In telecommunication, a non-return-to-zero (NRZ) line code is a binary code in which ones are represented by one significant condition, usually a positive voltage, while zeros are represented by some other significant condition, usually a negative voltage, with no other neutral or rest condition. The pulses in NRZ have more energy than a return-to-zero (RZ) code, which also has an additional rest state beside the conditions for ones and zeros. NRZ is not inherently a self-clocking signal, so some additional synchronization technique must be used for avoiding bit slips; examples of such techniques are a run length limited constraint and a parallel synchronization signal.

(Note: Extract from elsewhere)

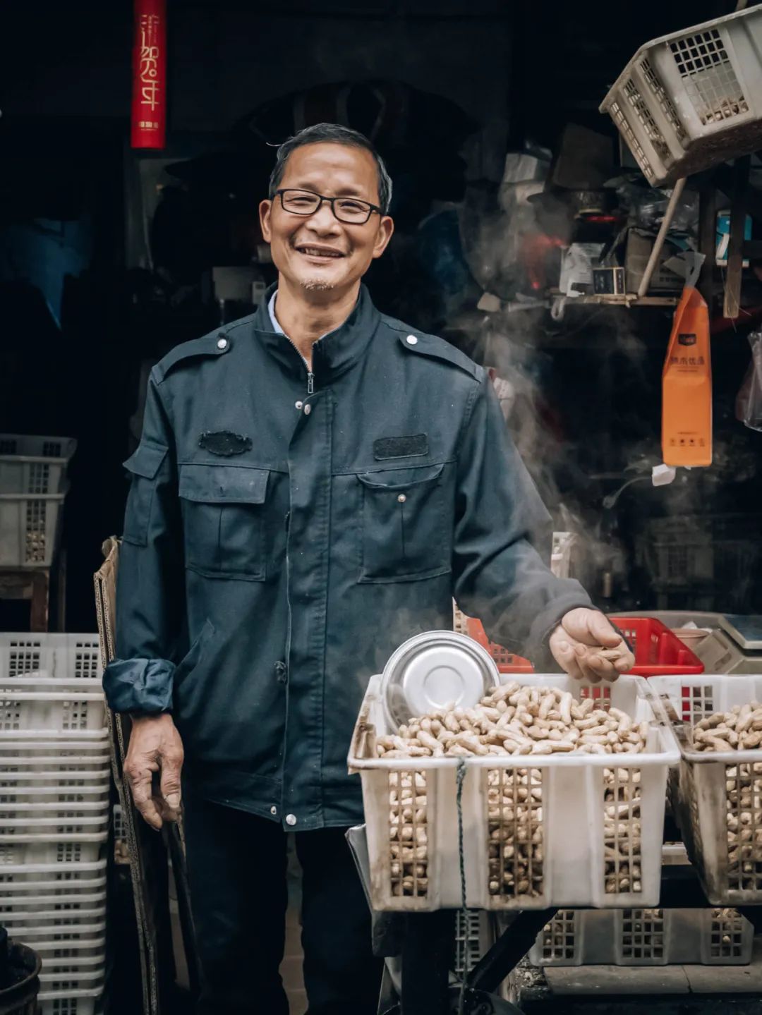 早些年在这里摆花生摊生意真的很好,现在疫情之后,利润就比较低了。以前临近过年每家人来这里买花生都要排着队等候。

For a given data signaling rate, i.e., bit rate, the NRZ code requires only half the baseband bandwidth required by the Manchester code (the passband bandwidth is the same). When used to represent data in an asynchronous communication scheme, the absence of a neutral state requires other mechanisms for bit synchronization when a separate clock signal is not available.

NRZ-Level itself is not a synchronous system but rather an encoding that can be used in either a synchronous or asynchronous transmission environment, that is, with or without an explicit clock signal involved. Because of this, it is not strictly necessary to discuss how the NRZ-Level encoding acts "on a clock edge" or "during a clock cycle" since all transitions happen in the given amount of time representing the actual or implied integral clock cycle. The real question is that of sampling—the high or low state will be received correctly provided the transmission line has stabilized for that bit when the physical line level is sampled at the receiving end.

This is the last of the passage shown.